Work task -
Could you output the listing that follows exactly, without its images?

Supplied information -
========
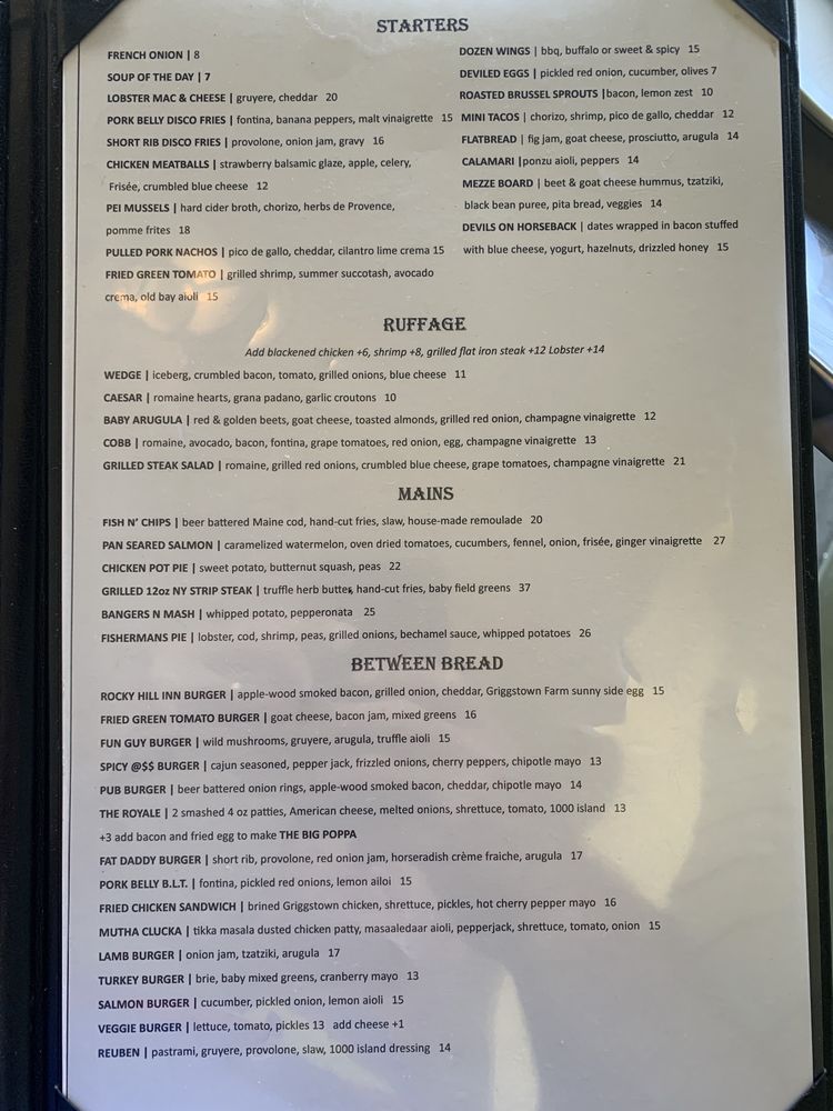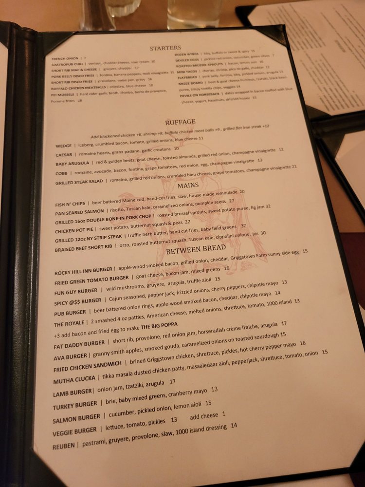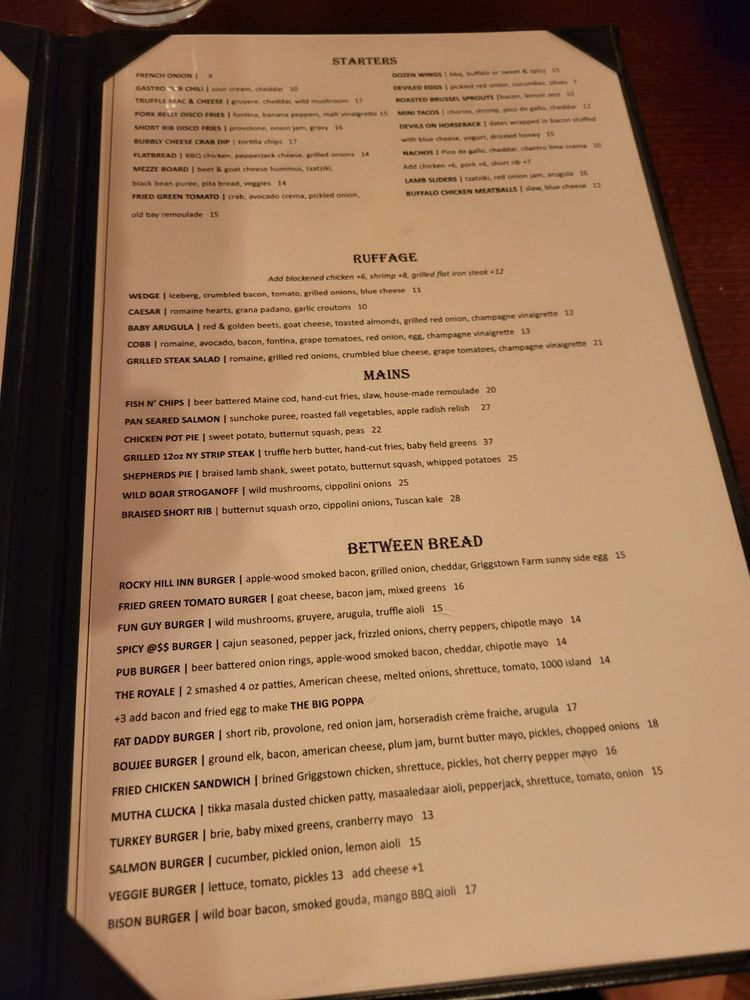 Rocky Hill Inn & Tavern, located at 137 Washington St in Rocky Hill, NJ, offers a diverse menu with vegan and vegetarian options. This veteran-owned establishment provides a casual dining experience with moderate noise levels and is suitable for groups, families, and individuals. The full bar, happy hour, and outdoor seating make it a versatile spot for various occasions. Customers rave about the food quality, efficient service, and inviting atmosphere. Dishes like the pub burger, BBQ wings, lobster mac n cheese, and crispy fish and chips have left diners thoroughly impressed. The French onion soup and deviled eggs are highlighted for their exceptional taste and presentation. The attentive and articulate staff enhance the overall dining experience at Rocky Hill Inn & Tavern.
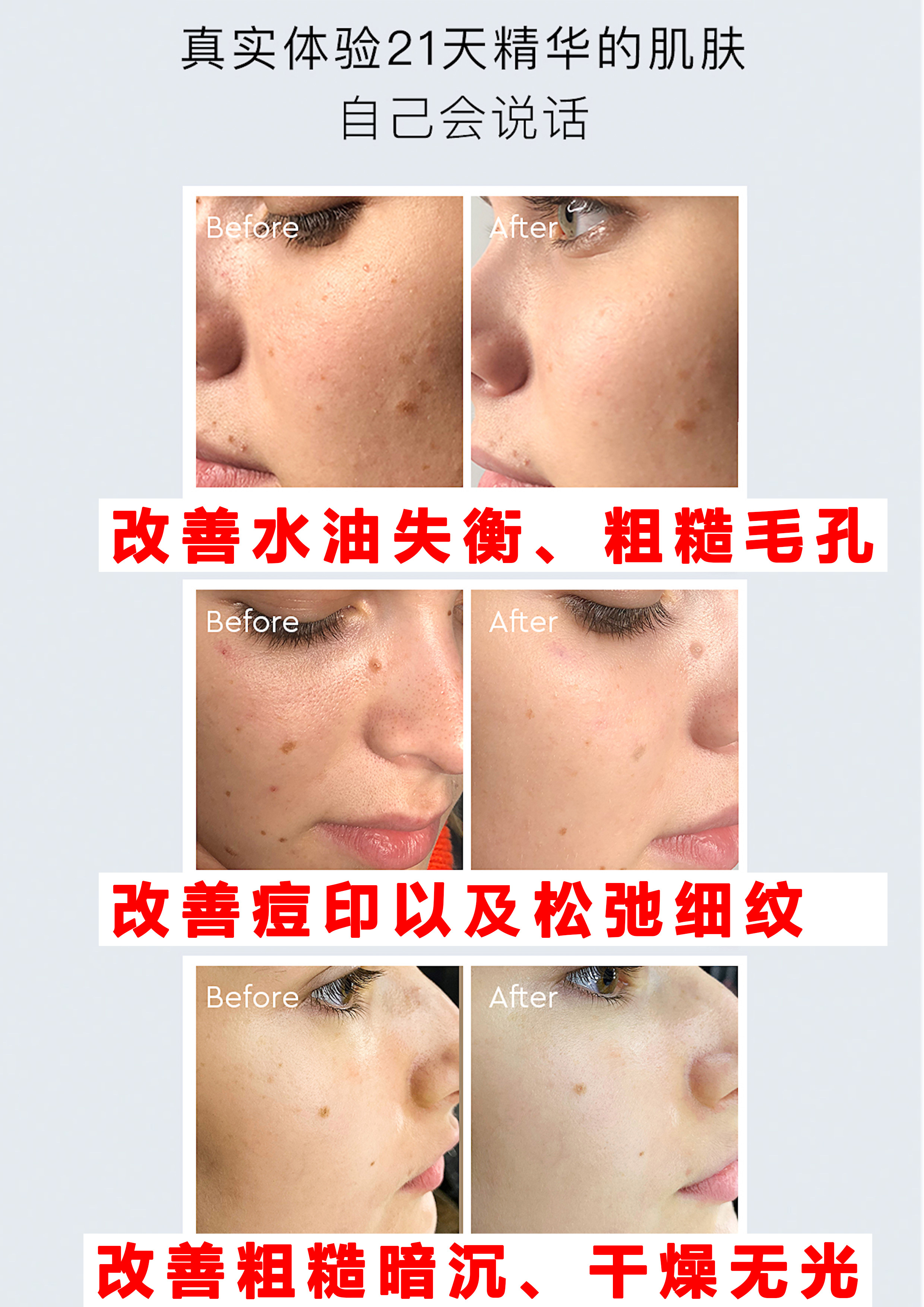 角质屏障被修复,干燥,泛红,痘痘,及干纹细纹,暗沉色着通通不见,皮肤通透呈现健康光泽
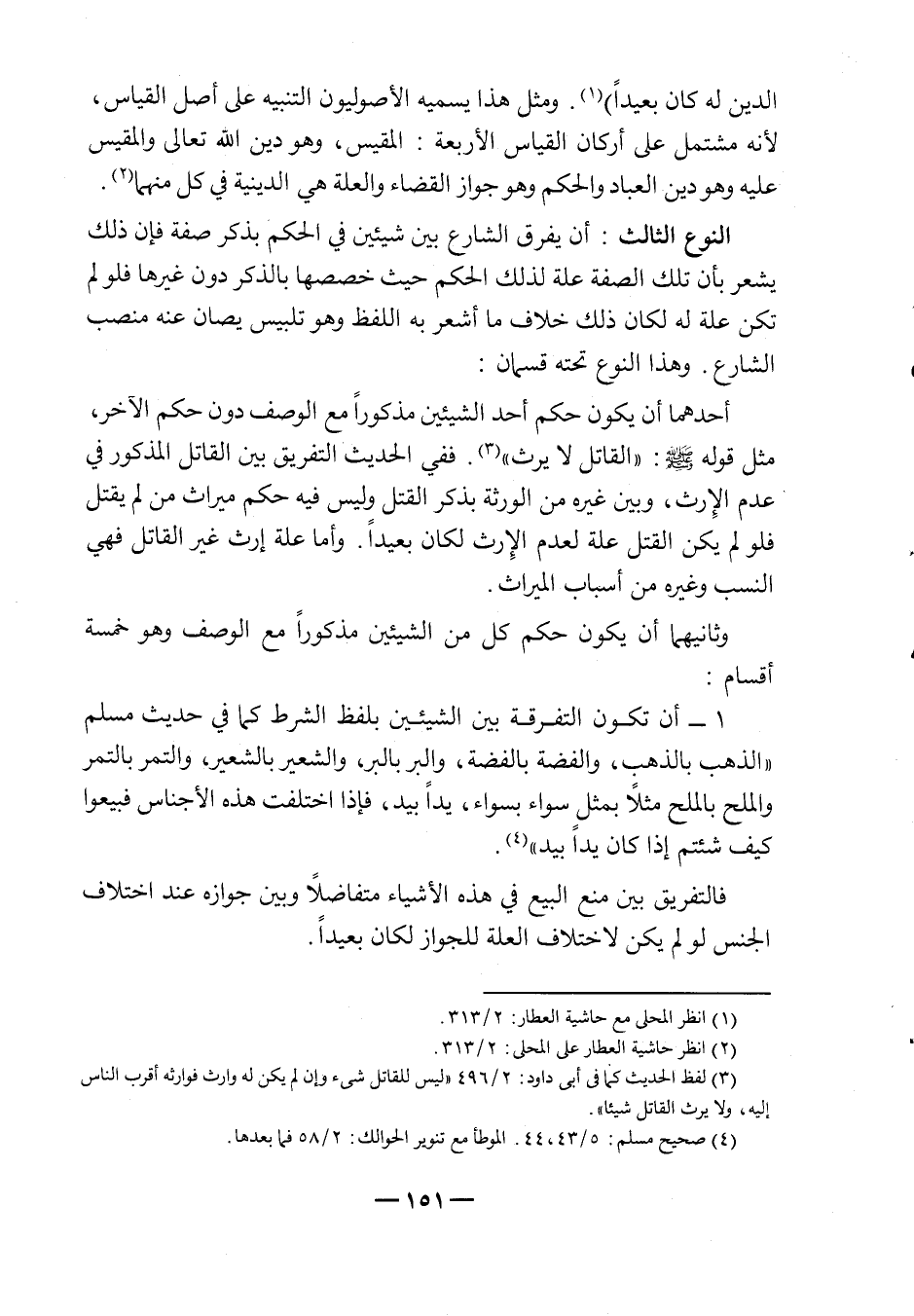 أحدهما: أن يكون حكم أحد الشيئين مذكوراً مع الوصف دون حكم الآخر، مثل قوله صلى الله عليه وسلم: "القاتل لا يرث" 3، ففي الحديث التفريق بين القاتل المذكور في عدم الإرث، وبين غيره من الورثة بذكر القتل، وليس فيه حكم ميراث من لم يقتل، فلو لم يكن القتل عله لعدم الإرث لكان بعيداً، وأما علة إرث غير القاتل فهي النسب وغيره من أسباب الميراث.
========
Answer box -
 Rocky Hill Inn & Tavern, located at 137 Washington St in Rocky Hill, NJ, offers a diverse menu with vegan and vegetarian options. This veteran-owned establishment provides a casual dining experience with moderate noise levels and is suitable for groups, families, and individuals. The full bar, happy hour, and outdoor seating make it a versatile spot for various occasions. Customers rave about the food quality, efficient service, and inviting atmosphere. Dishes like the pub burger, BBQ wings, lobster mac n cheese, and crispy fish and chips have left diners thoroughly impressed. The French onion soup and deviled eggs are highlighted for their exceptional taste and presentation. The attentive and articulate staff enhance the overall dining experience at Rocky Hill Inn & Tavern.
 角质屏障被修复,干燥,泛红,痘痘,及干纹细纹,暗沉色着通通不见,皮肤通透呈现健康光泽
 أحدهما: أن يكون حكم أحد الشيئين مذكوراً مع الوصف دون حكم الآخر، مثل قوله صلى الله عليه وسلم: "القاتل لا يرث" 3، ففي الحديث التفريق بين القاتل المذكور في عدم الإرث، وبين غيره من الورثة بذكر القتل، وليس فيه حكم ميراث من لم يقتل، فلو لم يكن القتل عله لعدم الإرث لكان بعيداً، وأما علة إرث غير القاتل فهي النسب وغيره من أسباب الميراث.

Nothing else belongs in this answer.